Pictures stay out; please output the remaining data exactly.

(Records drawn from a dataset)

◆ ◆ ◆ ◆

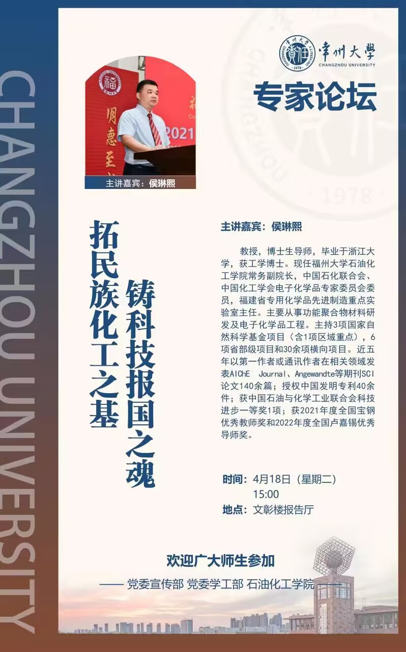 | 【學(xué)術(shù)講座】4月18日常州大學(xué)專家論壇:拓民族化工之基 鑄科技報(bào)國(guó)之魂 |
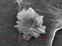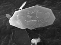 The picture at left is one of several particles of pure bismuth found on the tie. These particles could be from a material processing plant or potentially from glitter makeup. Their source is currently unknown.
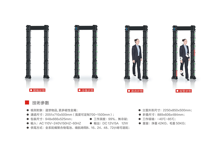 HC-TY800便攜式金屬探測門(折疊式)采用電子頻率芯片,內置高亮的區位led燈顯示,由abs、聚碳酸酯合金材料等抗沖擊力強材料制作而成,液晶顯示調節、靈敏度可調300個級別,內置雙電池左右各一個、電池可續航30小時以上,可選配續航80小時,由6塊傳感區域可以左右上下任意互換裝配,不分左右、不分上下、任意組裝、自動調節、非專業人士 5分鐘即可完成裝配。
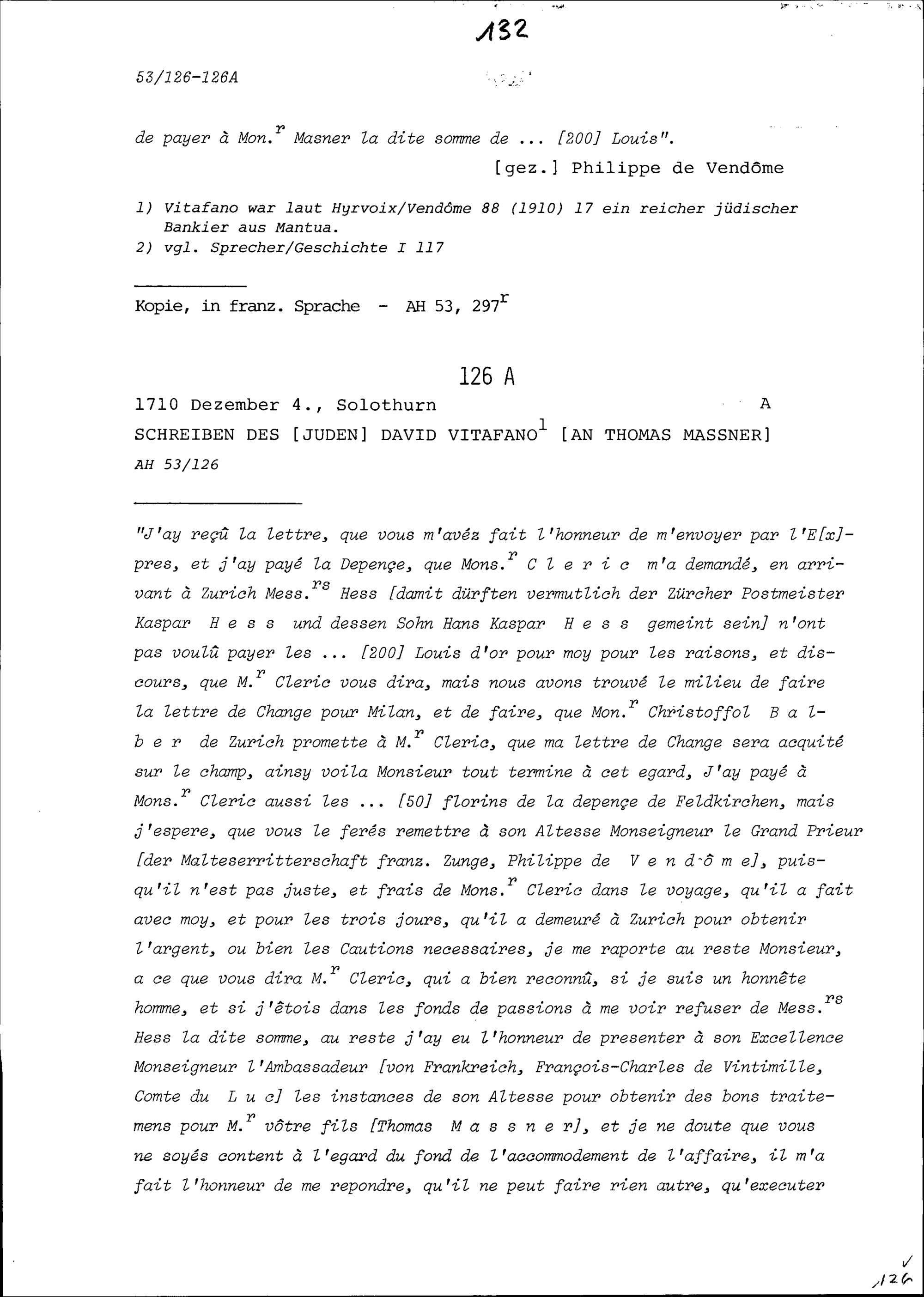 Schreiben von David Vitafano, Jude, an Thomas Massner
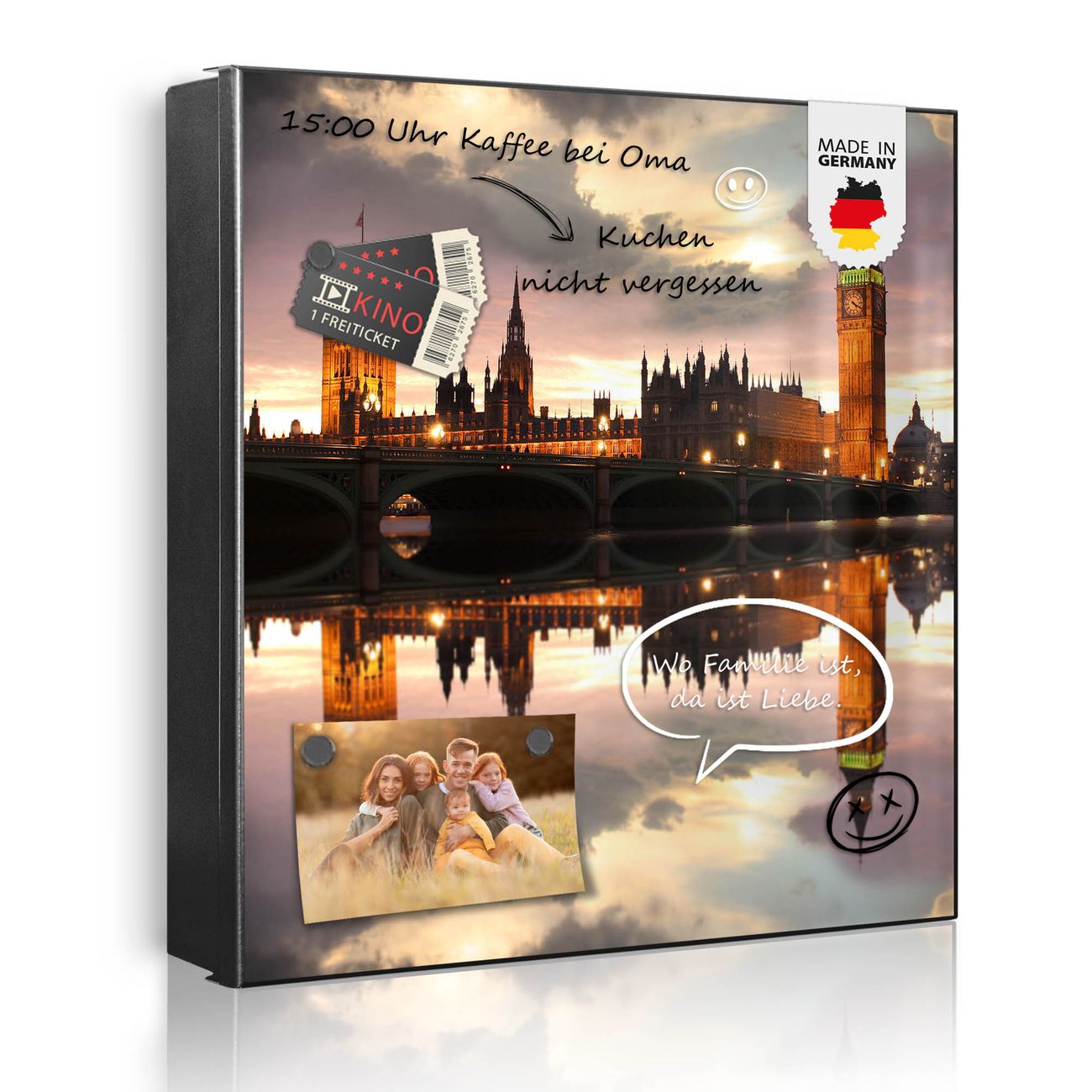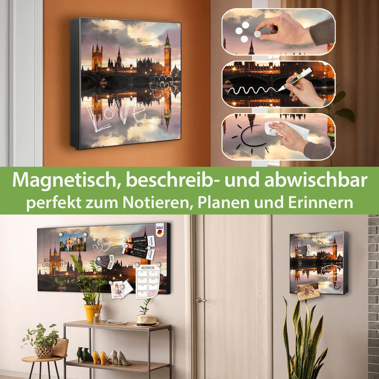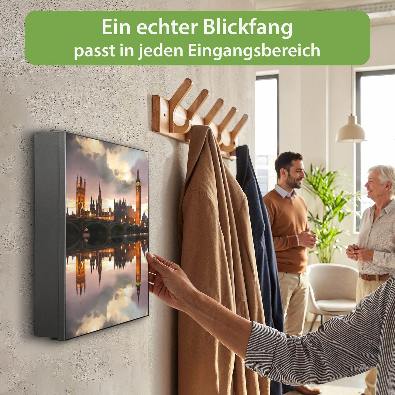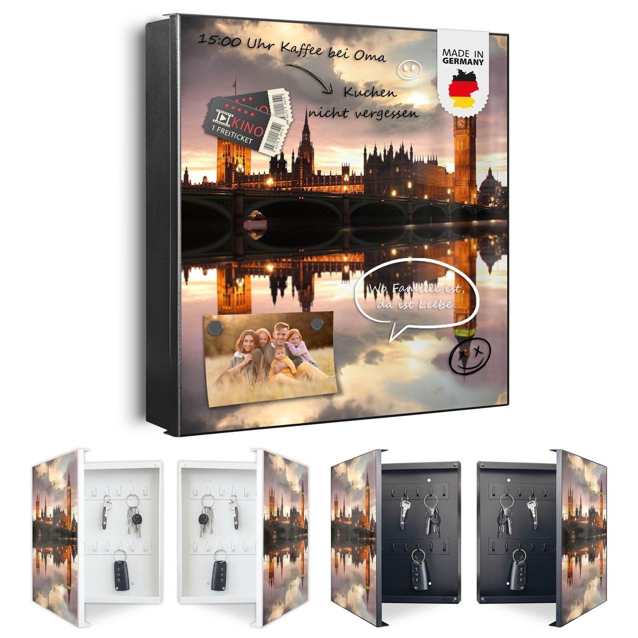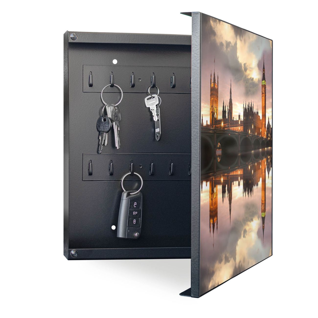 Bringe Ordnung und Eleganz in deinen Eingangsbereich mit dem banjado Schlüsselkasten Motiv Motiv Palace of Westminster. Die moderne Schlüsselbox kombiniert funktionales Design mit hochwertiger Verarbeitung und wird so zu einem echten Hingucker in Flur, Büro oder Ferienwohnung. ✅ Stilvolle Schlüsselaufbewahrung mit Motiv Motiv Palace of Westminster Der Design-Schlüsselkasten Motiv Motiv Palace of Westminster bietet Platz für bis zu 32 Schlüssel, die auf 4 stabilen Reihen mit je 8 Haken übersichtlich verstaut werden. Mit seinen kompakten Maßen von 30 x 30 x 5 cm passt die Schlüsselbox perfekt auch in kleinere Räume. Der schwarz lackierte Stahlkorpus mit rechts angeschlagenem Türscharnier harmoniert mit gedruckten Folie auf der Front und fügt sich nahtlos in jedes Wohnambiente ein. Ob als Schlüsselorganizer für Zuhause oder als praktische Lösung für Büros, Praxen und Gewerbe, der banjado Schlüsselkasten sorgt für Ordnung und Übersicht. Dank der magnetischen, mit Kreidestiften beschreibbaren Folie auf der Front kannst du Notizen anheften oder Termine direkt auf der Oberfläche festhalten. Die Schlüsselbox Motiv Motiv Palace of Westminster zur Wandmontage wird inklusive Befestigungsmaterial geliefert und ist schnell angebracht. So hast du deine Schlüssel jederzeit griffbereit und zugleich stilvoll verstaut. Mit diesem banjado Schlüsselkasten Motiv Motiv Palace of Westminster kombinierst du praktische Aufbewahrung mit stilvollem Wohndesign. Ob privat oder geschäftlich, die Schlüsselbox sorgt für mehr Ordnung, Übersicht und ein wohnliches Ambiente.Vorteile im Überblick

◆ ◆ ◆ ◆

• **ANSWER FOR THIS EXERCISE**
 | 【學(xué)術(shù)講座】4月18日常州大學(xué)專家論壇:拓民族化工之基 鑄科技報(bào)國(guó)之魂 |
 The picture at left is one of several particles of pure bismuth found on the tie. These particles could be from a material processing plant or potentially from glitter makeup. Their source is currently unknown.
 HC-TY800便攜式金屬探測門(折疊式)采用電子頻率芯片,內置高亮的區位led燈顯示,由abs、聚碳酸酯合金材料等抗沖擊力強材料制作而成,液晶顯示調節、靈敏度可調300個級別,內置雙電池左右各一個、電池可續航30小時以上,可選配續航80小時,由6塊傳感區域可以左右上下任意互換裝配,不分左右、不分上下、任意組裝、自動調節、非專業人士 5分鐘即可完成裝配。
 Schreiben von David Vitafano, Jude, an Thomas Massner
 Bringe Ordnung und Eleganz in deinen Eingangsbereich mit dem banjado Schlüsselkasten Motiv Motiv Palace of Westminster. Die moderne Schlüsselbox kombiniert funktionales Design mit hochwertiger Verarbeitung und wird so zu einem echten Hingucker in Flur, Büro oder Ferienwohnung. ✅ Stilvolle Schlüsselaufbewahrung mit Motiv Motiv Palace of Westminster Der Design-Schlüsselkasten Motiv Motiv Palace of Westminster bietet Platz für bis zu 32 Schlüssel, die auf 4 stabilen Reihen mit je 8 Haken übersichtlich verstaut werden. Mit seinen kompakten Maßen von 30 x 30 x 5 cm passt die Schlüsselbox perfekt auch in kleinere Räume. Der schwarz lackierte Stahlkorpus mit rechts angeschlagenem Türscharnier harmoniert mit gedruckten Folie auf der Front und fügt sich nahtlos in jedes Wohnambiente ein. Ob als Schlüsselorganizer für Zuhause oder als praktische Lösung für Büros, Praxen und Gewerbe, der banjado Schlüsselkasten sorgt für Ordnung und Übersicht. Dank der magnetischen, mit Kreidestiften beschreibbaren Folie auf der Front kannst du Notizen anheften oder Termine direkt auf der Oberfläche festhalten. Die Schlüsselbox Motiv Motiv Palace of Westminster zur Wandmontage wird inklusive Befestigungsmaterial geliefert und ist schnell angebracht. So hast du deine Schlüssel jederzeit griffbereit und zugleich stilvoll verstaut. Mit diesem banjado Schlüsselkasten Motiv Motiv Palace of Westminster kombinierst du praktische Aufbewahrung mit stilvollem Wohndesign. Ob privat oder geschäftlich, die Schlüsselbox sorgt für mehr Ordnung, Übersicht und ein wohnliches Ambiente.Vorteile im Überblick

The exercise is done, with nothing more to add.